By Anita Jovic, RN, BSN, MBA, Vice President of Clinical Operations, HomeCare Connect
Claims for injured workers with severe burns can cost as much as $10 to $15 million, according to NCCI. Understandably, most costs occur in the hospital setting, but there are still opportunities to clinically manage costs once the injured employee comes home.
Planning & Preparation
The first step is to ensure the home is ready when the injured employee returns. While not common, home modifications may be needed to accommodate durable medical equipment (DME) and facilitate the worker’s independence, mobility, and activities of daily living. Renovations should be finished to prevent unnecessary days stay in a facility. For the same reason, the home health managed care company should have appropriate nursing services, DME, and supplies in place in advance of discharge and manage the transition into the home.

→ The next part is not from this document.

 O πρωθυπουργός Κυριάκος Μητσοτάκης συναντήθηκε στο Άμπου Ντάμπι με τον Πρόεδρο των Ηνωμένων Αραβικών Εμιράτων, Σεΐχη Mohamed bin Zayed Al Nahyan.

Careful wound management is key to recovery and cost containment. A wound that causes a patient to be hospitalized can add thousands, even a hundred thousand dollars to a claim.
Nurses who are certified/credentialed in wound care should work with wound care physicians to manage the worker’s in-home care. Depending on the severity of a wound, a wound vac may be applied in the hospital or in the home and is typically changed two or three times a week.

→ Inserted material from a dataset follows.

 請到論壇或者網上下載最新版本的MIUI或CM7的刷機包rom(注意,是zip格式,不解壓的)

With today’s telehealth technologies, if a wound isn’t healing properly or looks odd, a field nurse can show it to the doctor or other clinician and modify treatment immediately. A telehealth session like this can spare the burned employee days of suffering and avert a $100,000 hospital visit.
DME will likely include a wheelchair with special cushions and an air-fluidized therapy bed or a hospital bed with an alternating pressure, low-air loss mattresses.
Most seriously burned employees also need compression garments, made from thick elastic material that look like scuba diving material. Worn 23 hours a day and removed only for bathing and dressings, these garments protect burned areas from fabric friction, prevent swelling, decrease itching, and protect the skin. They minimize scarring, especially the development of hard scars. Compression garments also improve circulation and reduce pain to the extremities through vascular support.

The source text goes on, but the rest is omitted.